TASK TO CARRY OUT -
Lines with "have": state how many there are in the records below, and nothing else.

Records contained in a dataset -
"""

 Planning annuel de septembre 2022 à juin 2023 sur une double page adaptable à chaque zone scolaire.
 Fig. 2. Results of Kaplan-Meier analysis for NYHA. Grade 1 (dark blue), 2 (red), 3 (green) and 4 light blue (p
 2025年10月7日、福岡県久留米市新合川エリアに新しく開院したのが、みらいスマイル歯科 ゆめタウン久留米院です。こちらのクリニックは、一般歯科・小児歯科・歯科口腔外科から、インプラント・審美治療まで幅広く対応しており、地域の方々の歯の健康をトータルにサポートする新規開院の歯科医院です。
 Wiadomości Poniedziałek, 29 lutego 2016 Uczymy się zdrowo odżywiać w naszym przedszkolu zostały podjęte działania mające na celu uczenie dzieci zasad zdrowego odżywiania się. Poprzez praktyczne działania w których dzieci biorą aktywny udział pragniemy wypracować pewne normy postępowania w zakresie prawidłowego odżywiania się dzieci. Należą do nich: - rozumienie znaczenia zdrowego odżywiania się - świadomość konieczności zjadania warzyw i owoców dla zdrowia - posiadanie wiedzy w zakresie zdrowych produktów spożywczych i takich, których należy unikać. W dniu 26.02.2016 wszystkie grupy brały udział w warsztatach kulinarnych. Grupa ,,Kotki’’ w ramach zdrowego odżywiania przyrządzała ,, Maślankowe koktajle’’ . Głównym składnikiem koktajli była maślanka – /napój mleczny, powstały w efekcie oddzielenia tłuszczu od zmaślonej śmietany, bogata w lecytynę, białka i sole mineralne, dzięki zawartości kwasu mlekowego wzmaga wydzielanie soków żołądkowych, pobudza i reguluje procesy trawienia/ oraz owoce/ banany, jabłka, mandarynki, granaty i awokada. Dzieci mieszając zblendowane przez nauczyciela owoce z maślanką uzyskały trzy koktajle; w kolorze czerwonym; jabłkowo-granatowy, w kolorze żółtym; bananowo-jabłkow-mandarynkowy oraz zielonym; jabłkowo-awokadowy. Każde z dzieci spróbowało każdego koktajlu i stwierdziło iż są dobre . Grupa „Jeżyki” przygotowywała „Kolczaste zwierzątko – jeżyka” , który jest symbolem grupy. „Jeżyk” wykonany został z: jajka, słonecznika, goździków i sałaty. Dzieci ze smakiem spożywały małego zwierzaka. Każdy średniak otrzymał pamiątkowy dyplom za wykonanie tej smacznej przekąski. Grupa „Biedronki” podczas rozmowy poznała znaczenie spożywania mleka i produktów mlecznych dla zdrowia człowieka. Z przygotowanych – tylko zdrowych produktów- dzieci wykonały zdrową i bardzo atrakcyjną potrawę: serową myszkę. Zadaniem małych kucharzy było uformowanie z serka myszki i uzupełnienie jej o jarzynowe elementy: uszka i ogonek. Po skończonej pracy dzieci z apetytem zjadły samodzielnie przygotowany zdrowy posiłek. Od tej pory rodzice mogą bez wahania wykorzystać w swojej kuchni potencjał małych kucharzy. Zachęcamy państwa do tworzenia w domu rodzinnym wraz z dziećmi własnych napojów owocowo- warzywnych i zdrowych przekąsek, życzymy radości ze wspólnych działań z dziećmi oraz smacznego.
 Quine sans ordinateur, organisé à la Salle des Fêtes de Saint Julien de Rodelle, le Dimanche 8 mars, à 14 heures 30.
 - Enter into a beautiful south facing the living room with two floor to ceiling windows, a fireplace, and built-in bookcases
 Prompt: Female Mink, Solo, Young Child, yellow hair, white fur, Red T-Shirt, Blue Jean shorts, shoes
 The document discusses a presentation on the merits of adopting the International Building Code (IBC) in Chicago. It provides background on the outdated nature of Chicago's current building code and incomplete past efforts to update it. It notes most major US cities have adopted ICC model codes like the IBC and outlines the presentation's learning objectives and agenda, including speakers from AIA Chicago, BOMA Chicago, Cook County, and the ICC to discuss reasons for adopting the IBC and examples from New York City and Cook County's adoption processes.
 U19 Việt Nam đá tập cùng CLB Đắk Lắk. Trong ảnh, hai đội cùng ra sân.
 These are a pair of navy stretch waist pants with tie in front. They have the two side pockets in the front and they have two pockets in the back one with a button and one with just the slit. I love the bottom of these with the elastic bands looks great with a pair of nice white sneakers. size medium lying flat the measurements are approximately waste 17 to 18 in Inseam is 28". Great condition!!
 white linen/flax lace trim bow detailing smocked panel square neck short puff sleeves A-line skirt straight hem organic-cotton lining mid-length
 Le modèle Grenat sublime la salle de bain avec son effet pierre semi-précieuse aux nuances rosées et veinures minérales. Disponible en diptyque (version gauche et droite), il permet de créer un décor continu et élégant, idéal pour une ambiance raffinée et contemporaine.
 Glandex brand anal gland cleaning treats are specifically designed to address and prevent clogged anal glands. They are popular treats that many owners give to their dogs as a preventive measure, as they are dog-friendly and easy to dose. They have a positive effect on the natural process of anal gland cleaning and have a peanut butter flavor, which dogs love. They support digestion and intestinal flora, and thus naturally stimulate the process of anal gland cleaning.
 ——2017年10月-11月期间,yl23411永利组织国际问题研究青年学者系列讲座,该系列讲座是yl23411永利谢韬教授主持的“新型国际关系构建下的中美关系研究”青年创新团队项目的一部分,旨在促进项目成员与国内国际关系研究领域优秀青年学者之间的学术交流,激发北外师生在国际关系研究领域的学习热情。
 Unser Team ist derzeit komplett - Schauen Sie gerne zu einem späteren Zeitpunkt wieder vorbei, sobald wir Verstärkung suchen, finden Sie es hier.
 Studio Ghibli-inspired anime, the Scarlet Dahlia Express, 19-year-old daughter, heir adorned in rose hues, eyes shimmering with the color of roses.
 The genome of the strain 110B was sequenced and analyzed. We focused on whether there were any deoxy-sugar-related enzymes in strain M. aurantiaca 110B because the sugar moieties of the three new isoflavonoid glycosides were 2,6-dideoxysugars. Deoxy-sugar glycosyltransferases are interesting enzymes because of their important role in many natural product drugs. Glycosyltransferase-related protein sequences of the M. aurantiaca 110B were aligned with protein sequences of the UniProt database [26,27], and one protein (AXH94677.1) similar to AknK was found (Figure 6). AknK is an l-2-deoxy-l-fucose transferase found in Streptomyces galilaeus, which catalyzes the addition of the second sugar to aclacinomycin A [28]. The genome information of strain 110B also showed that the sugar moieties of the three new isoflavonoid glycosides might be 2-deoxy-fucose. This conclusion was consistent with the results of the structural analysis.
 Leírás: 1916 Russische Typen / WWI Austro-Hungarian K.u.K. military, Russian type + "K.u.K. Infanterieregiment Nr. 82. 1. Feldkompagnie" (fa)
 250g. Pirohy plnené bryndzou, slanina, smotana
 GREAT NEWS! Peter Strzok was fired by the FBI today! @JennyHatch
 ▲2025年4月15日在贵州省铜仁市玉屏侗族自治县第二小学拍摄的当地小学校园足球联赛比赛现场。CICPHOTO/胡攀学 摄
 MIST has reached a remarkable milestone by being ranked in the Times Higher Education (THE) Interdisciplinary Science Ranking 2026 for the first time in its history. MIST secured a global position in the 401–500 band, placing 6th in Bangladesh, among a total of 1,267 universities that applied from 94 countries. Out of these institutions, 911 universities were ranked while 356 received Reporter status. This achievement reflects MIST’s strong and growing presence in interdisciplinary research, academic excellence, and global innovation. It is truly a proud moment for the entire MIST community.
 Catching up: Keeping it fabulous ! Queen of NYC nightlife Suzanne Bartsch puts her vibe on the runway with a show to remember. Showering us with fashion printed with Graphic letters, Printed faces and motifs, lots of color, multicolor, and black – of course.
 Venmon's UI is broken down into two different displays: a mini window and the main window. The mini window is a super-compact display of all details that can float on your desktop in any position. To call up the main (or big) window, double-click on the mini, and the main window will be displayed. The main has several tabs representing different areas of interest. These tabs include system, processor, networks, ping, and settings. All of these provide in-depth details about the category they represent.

"""

ANSWER SECTION -
3